PostgreSQL subquery case sequential scan


I have 2 tables:

  1. requests: content 60 million records (Used as a log for the website)

  2. requests_hours: content few hundreds of rows (keep updating it every minute from requests tables)

I have the following simple query , but when I execute it, it takes a about 5 minutes to complete, because Postgres do not use the index of the column request_time_utc and just does a sequential scan.

SELECT COUNT(request_id)
FROM requests
WHERE request_time_utc >= (SELECT MAX(request_hour_utc) FROM requests_hours)

enter image description here

but if I just remove the subquery (which, by itself, is executed in 0.003s) and replace it with a static value like in the following, I get the following query executed in only 0.008s:

SELECT COUNT(request_id)
FROM requests
WHERE request_time_utc >= '2019-09-30 17:00:00'

enter image description here

The query should count just a few rows every minute, from 1000 ~ 7000, so certainly an index scan on the column request_time_utc should be much better than a sequential scan.

I didn't understand how to force PostgreSQL to do an index scan for the first query.
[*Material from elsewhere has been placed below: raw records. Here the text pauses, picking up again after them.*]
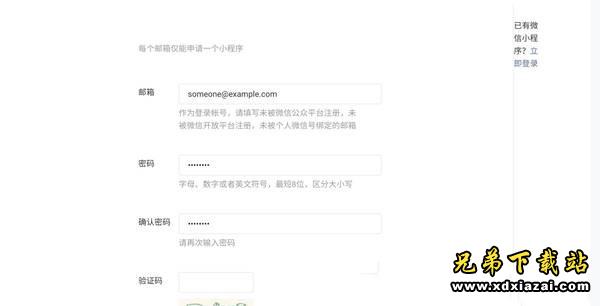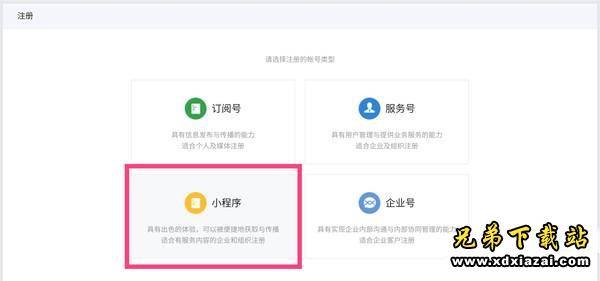 兄弟下载站的小编与大家分享一下注册微信小程序的流程: 打开微信公众平台 https://mp.weixin.qq.com/ ,在右上角点击“立即注册”。接着进入注册账号类型的选择页面,可以看到,除了常规的订阅号、服务号与企业号之外,还出现了“小程序”的选项。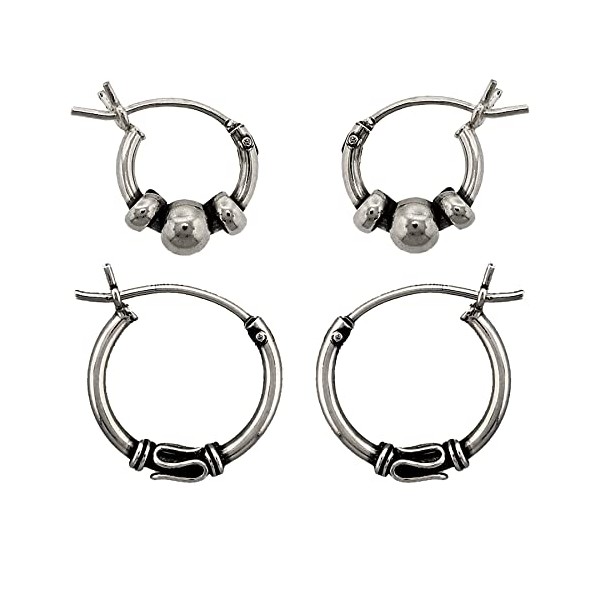 Oxidized Bali Hoop 2 Pair Earring Set in Sterling Silver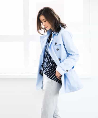 ■撥水加工が嬉しい定番トレンチコート■ ベーシックでシンプルな形がトレンド関係なく長く御愛用いただけるトレンチコート。ボトムを選ばないハーフ丈は季節の変わり目に活躍してくれます。着心地の良い柔らかな素材に、今季は袖や肩周りのサイズ感を見直すことで、窮屈感も少なく着用していただけるよう仕上げました。無駄な切替え線をなくし、立体的というよりフラットめにつくることで体のラインをより美しく見せるよう仕上げたシルエットはすっきりと女性らしい印象に。きちんと感のある1枚は毎日の通勤にもおすすめです。撥水(水をはじきやすい)加工素材を使用。※屋外での撮影は色味が多少異なる場合がございます。商品の色味は、スタジオ撮影の画像をご参照ください。 ※サンプルでの撮影となるため、実際にお届けする商品と仕様やサイズが異なる場合がございます。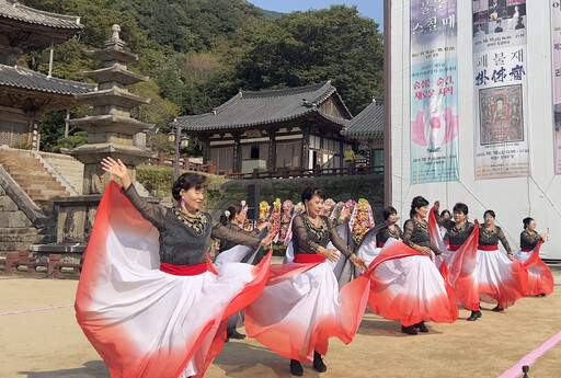 12일 전남 구례군 마산면 화엄사 보제루 앞에서 열린 ‘제2회 지리산대화엄사 구례군 라인댄스 동호인대회’에서 참가자들이 라인댄스(여러 명의 사람이 줄을 지어서 동일한 동작을 하는 춤)를 추고 있다. 대한불교조계종 지리산대화엄사는 ‘바람이 물을 스칠 때’를 주제로 10∼12일 ‘제21회 화엄문화제’를 개최했는데 마지막 날인 12일에는 라인댄스 동호인대회와 함께 ‘제5회 어머니의 걷기대회’ 등이 펼쳐졌다.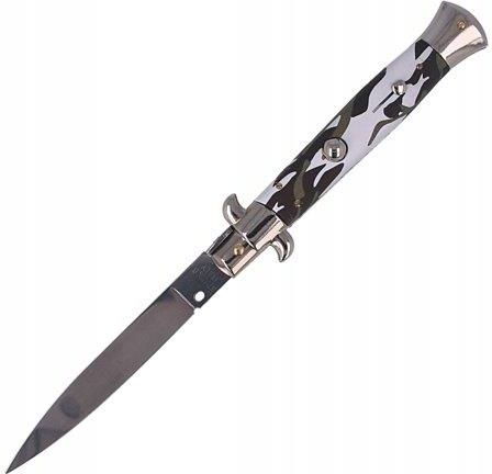 Tradycyjny włoski nóż sprężynowy z rękojeścią, z tworzywa w czarno-białym kamuflażu. Otwarcie klingi musi odbyć w ciągu kilku setnych sekundy (cecha noży Stiletto). Całkowicie ręcznie wykonane, zgodnie z zasadami włoskiego rzemiosła, noże z legendarnej manufaktury Frank Beltrame stały się sławne na …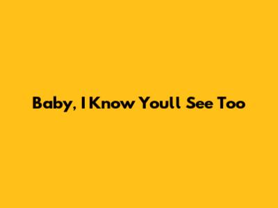 Baby, I Know You'll See Too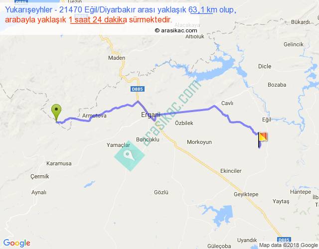 Yukarışeyhler - 21470 Eğil Diyarbakır arası yaklaşık olarak 90 km/h ile yukarıda belirtilen sürede olup, iki yerin kuş uçuşu uzaklığı (mesafesi) 49'dir. Yolculuk otobüsle 1 saat 49 dakika sürmektedir.

The above queries are for simplifying the issue; here is the original one:

SELECT 
            customer_id,
            DATE_TRUNC('hour', request_time_utc) AS request_hour_utc,
            COUNT(request_id) AS total_requests,
            SUM(data_in_size) AS total_data_in_size,
            SUM(data_out_size) AS total_data_out_size,
            SUM(process_long) AS total_process_long
            FROM requests
            WHERE request_time_utc >= (SELECT MAX(request_hour_utc) FROM requests_hours)
                        AND customer_id IS NOT NULL
            GROUP BY request_hour_utc , customer_id
            ORDER BY request_hour_utc DESC;

Solution

  • Move your subquery to CTE, like this (I'm writing this from my phone on the train so you will need to land at the correct query :-) ):

    WITH your_max AS (SELECT MAX(request_hour_utc) as foo FROM requests_hours)
    SELECT COUNT(request_id)
    FROM requests CROSS JOIN your_max
    WHERE request_time_utc >= your_max.foo